Give `matchProbePair` the `fixed` parameter to allow IUPAC matching?

Open zachary-foster opened this issue 5 years ago • 8 comments

I recently need to predict amplicons using primers with lots of ambiguity codes. The matchProbePair function seemed perfect but it does not interpret the IUPAC codes. I noticed the code uses matchPattern to find primer matches and that function has the fixed option that allows interpretation of ambiguity codes when fixed=FALSE.

Can the matchProbePair function also have this option and pass its value to matchPattern like so?

matchProbePair <- function(Fprobe, Rprobe, subject, algorithm="auto",
             logfile=NULL, verbose=FALSE, fixed = FALSE)
    {
        ## This won't copy the data if Fprobe and Rprobe are already DNAString objects
        F <- DNAString(Fprobe)
        R <- DNAString(Rprobe)

        ## F and R hits on the + strand
        Fp_hits <- start(matchPattern(F, subject, algorithm=algorithm, fixed = fixed))
        Rp_hits <- start(matchPattern(R, subject, algorithm=algorithm, fixed = fixed))

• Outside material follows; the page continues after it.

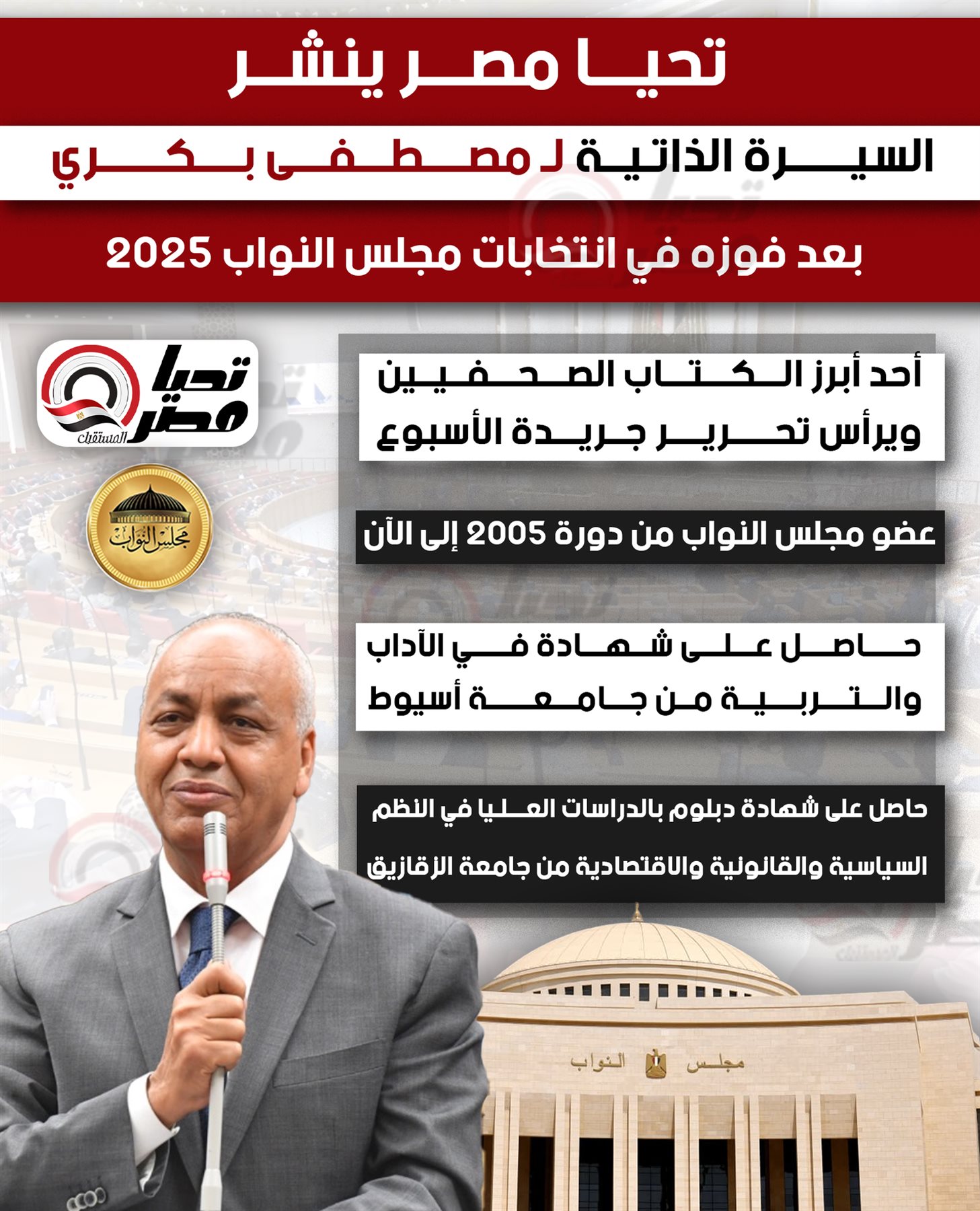 ينشر تحيا مصر السيرة الذاتية لـ مصطفى بكري عبد الرحيم بعد فوزه في انتخابات مجلس النواب 2025.

        ## F and R hits on the - strand
        Fm_hits <- end(matchPattern(reverseComplement(F), subject, algorithm=algorithm, fixed = fixed))
        Rm_hits <- end(matchPattern(reverseComplement(R), subject, algorithm=algorithm, fixed = fixed))

        if (verbose) {
            cat("Fp_hits:", Fp_hits, "  Rp_hits:", Rp_hits,
                "  Fm_hits:", Fm_hits, "  Rm_hits:", Rm_hits, "\n")
        }

        matches0 <- Biostrings:::reduceProbePairMatches(c(Fp_hits, Rp_hits), c(Fm_hits, Rm_hits))
        ans <- Views(subject, start=matches0$start, end=matches0$end)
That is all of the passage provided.